Re: host-meta file format comments (draft-nottingham-site-meta-01)

From: Mark Nottingham <mnot@yahoo-inc.com>
Date: Wed, 11 Feb 2009 12:18:43 +1100
Cc: <www-talk@w3.org>, Eran Hammer-Lahav <blade@yahoo-inc.com>, <discuss@apps.ietf.org>
Message-Id: <CB0A2D28-3E76-412B-BC67-4C78284BF91A@yahoo-inc.com>
To: Thomas Roessler <tlr@w3.org>


On 11/02/2009, at 12:05 PM, Thomas Roessler wrote:

> (diverting to www-talk, too...)
>
> On 11 Feb 2009, at 01:20, Mark Nottingham wrote:
>
>> Yeah, I'm not completely happy with it yet. The thought was that  
>> since blank lines don't introduce ambiguity here, they're not  
>> harmful. OTOH one of my goals for the format is to allow existing  
>> HTTP header and MIME parsers (e.g., in Python) to be used on the  
>> format, and they very well may barf on a blank line.
>
> Well, they'll barf on blank lines and declare the header over;  
> changing that within the parser (or just restarting it on the rest  
> of the file) should be relatively cheap.

This assumes that people will be comfortable modifying libraries. IME  
people tend to treat them as magical black boxes that shouldn't be  
opened (or even questioned) under any circumstances...


> BTW, I notice that this draft is silent on the HTTP header syntax's  
> combining feature for multiple occurences of the same field (last  
> paragraph of 4.2, RFC 2616); I suspect that to be one of the more  
> likely causes for surprises if HTTP header parsers are re-used.  (No  
> such risk with MIME parsers.)

I'll add a note.


> Finally, why disallow whitespace stuffed folding?  It's pretty  
> useful to make long lines editable, and I suspect that we're  
> assuming /host-meta to be the product of some human with emacs in  
> their hands. ;-)  Implementing it is easy, and a given if existing  
> parsers are used.

Not necessarily; it's not very widely supported, IME.
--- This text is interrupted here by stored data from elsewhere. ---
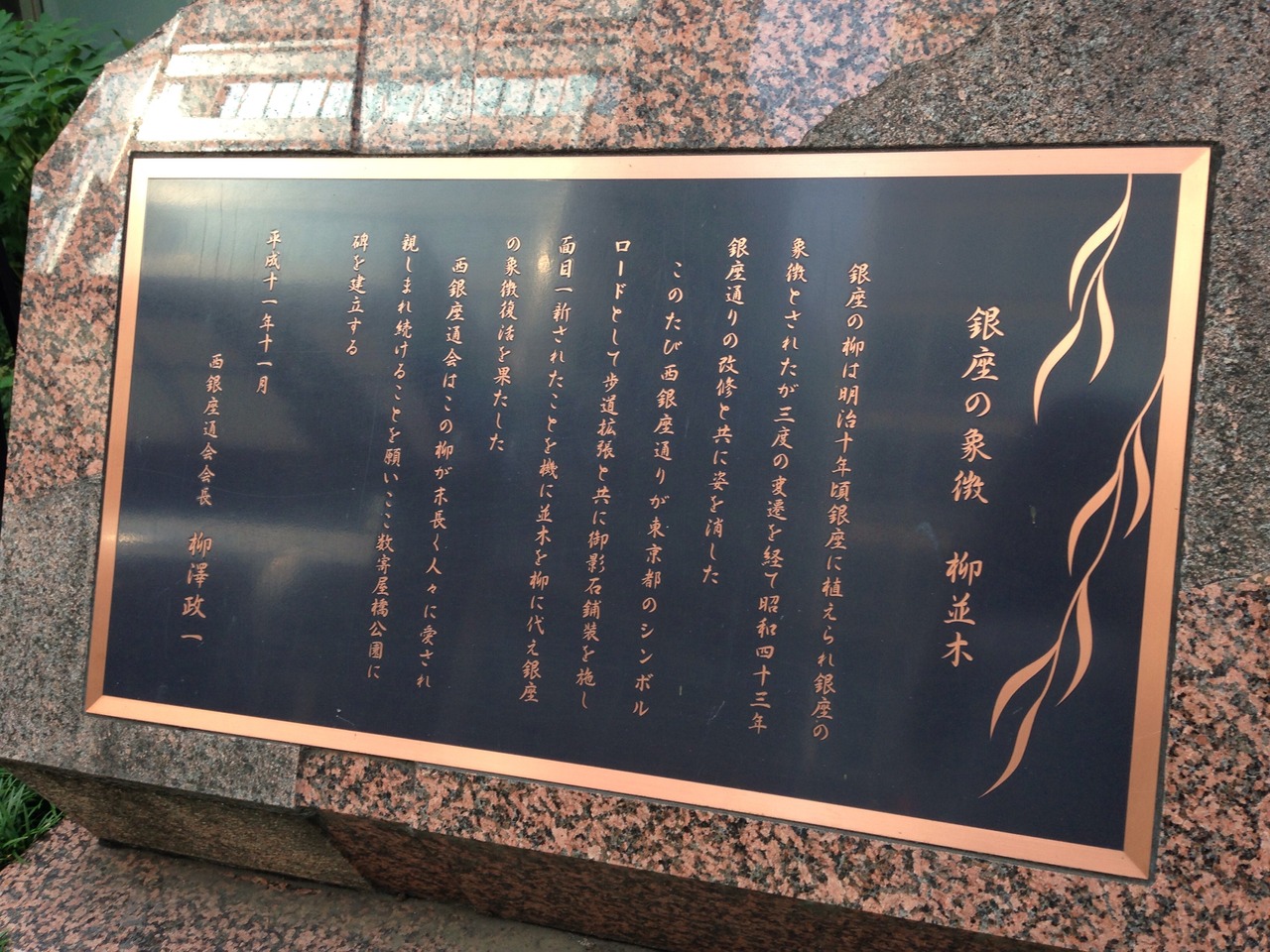 銀座の柳の復活を記念して置かれたものなんですね。
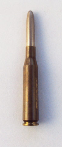 Descrição Cartucho desmilitarizado constituído por projectil e invólucro metálico de percussão central com a base em garganta.
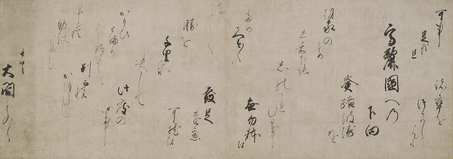 後陽成天皇(一五七一~一六一七)が文禄元年(一五九二)、「文禄の役」における朝鮮半島への自らの渡海を強行しようとした豊臣秀吉を諫めた散らし書きの消息。その渡海を「無勿躰(恐れ多い)」、朝家のためにも天下のためにも「遠慮可然(控えて当然)」として、必死に思いとどまるよう求めている。大高檀紙二紙いっぱいにわたって書かれた格調高い筆致は、二十二歳の若き天皇がすでに独自の境地を得るに至っていたことを示している。

>> So, the right thing to do might be to explicitly disallow them,  
>> both in BNF and prose. Eran, thoughts?
>
> I'd just prefer to not have the BNF say "no empty lines", and then  
> have prose that says the opposite, but with a SHOULD.
>
>>>> 5. Minting New meta-fields
>>>
>>>> Applications that wish to mint new meta-fields for use in the  
>>>> host- meta format MUST register them in the host-meta field- 
>>>> registry, following the procedures in Section 7.2. Field-names  
>>>> MUST conform to the field-name ABNF Section 3, and field-value  
>>>> syntax MUST be well- defined (e.g., using ABNF, or a reference to  
>>>> the syntax of an existing header field-value). Field-values  
>>>> SHOULD use the ISO-859-1 character encoding. If a field-value  
>>>> applies to a scope other than the entire authority, that scope  
>>>> MUST be well-defined.
>>>
>>> Editorial nit: ISO-8859-1 is missing an 8 here.
>>
>> That one always gets me, thanks.
>>
>>> More substantially, is there any particular reason to not just go  
>>> with utf-8 here?  After all, the content type is *appplication*/ 
>>> host-meta anyway.
>>
>> Same as above; allowing existing parsers and serialisation  
>> libraries to be used. That said, there have been many arguments in  
>> HTTPbis that existing libraries won't harm non-ASCII characters in  
>> transit, but IIRC no one has actually gone out and surveyed what  
>> they do...
>
> That suggests that it's a coin toss, unless the mythical "someone"  
> does that work.  May I, in that event, suggest that we use a coin  
> biased in favor of broader internationalization, i.e., UTF-8?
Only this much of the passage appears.